My freelance business, in its current form, has been around for six years now. And for the first three of the six, I chased up on every quote I sent out. I e-mailed, called, sometimes even texted – because I felt I deserved some feedback. Or, at the very least, to know that the prospective client had decided not to go with my cost estimate, and why.

For the last three years, however, I’ve backed off. I send the quote through… and that’s that. If they want me to do the work, they’ll let me know. Eventually. And hopefully I’ll still be available.

Vanessa Clark wrote a fantastic column for Freelancentral, entitled ‘The Silent Treatment (or Zen and The Art of Stress-Free Pitching)‘ – inspired by Peter Bregman‘s similar piece: ‘When Your Voicemails and Emails Go Unanswered, What Should You Do?‘. So I checked out Peter’s piece, with which I agree wholeheartedly. His position?

“Follow up once, after the meeting, and the moment you send that follow up — not a week later but as soon as you hit send or hang up the phone — assume they’re not interested. They’ve said “no.” Close the book. Take the follow up off your to do list. Move on to the next thing. If they do call or email back, it will be a nice surprise and you can discuss how to proceed. If they don’t reach out, you haven’t stalled in your other work, knocked your head into a brick wall, or wasted any energy stressing about it. You can always send other information unrelated to the open issue — articles, updates, referrals — that might be of interest and deepen the relationship. But don’t follow up on the open issue.”

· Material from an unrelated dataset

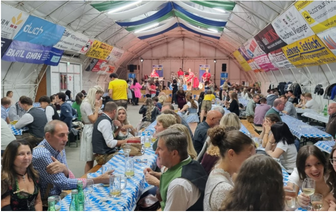
11. & 12.10. Feuerwehrroktoberfest

For many freelancers, this is an entirely new way of doing things. You may find it uncomfortable at first; even painful. But trust me – there’s a lot of power in making the move, confirming receipt once and once only and then taking that big step back, so that you can focus totally on what you’re currently busy with.

Join the discussion One Comment

  • Hi Tiffany

    Glad you liked the column. It’s been interesting seeing different opinions from freelancers on the topic on the Freelancentral Facebook page. (I’m going to point them to this post right now 🙂

    Your final comment really strikes home for me though – yes, this is a deeply uncomfortable thing to do and for that reason alone is worth the “experiment”. This reminded me that when you get out of your comfort zone, you open the door for all sorts of exciting things to unfold. And worst case scenario … you can always go back to the old way of doing things.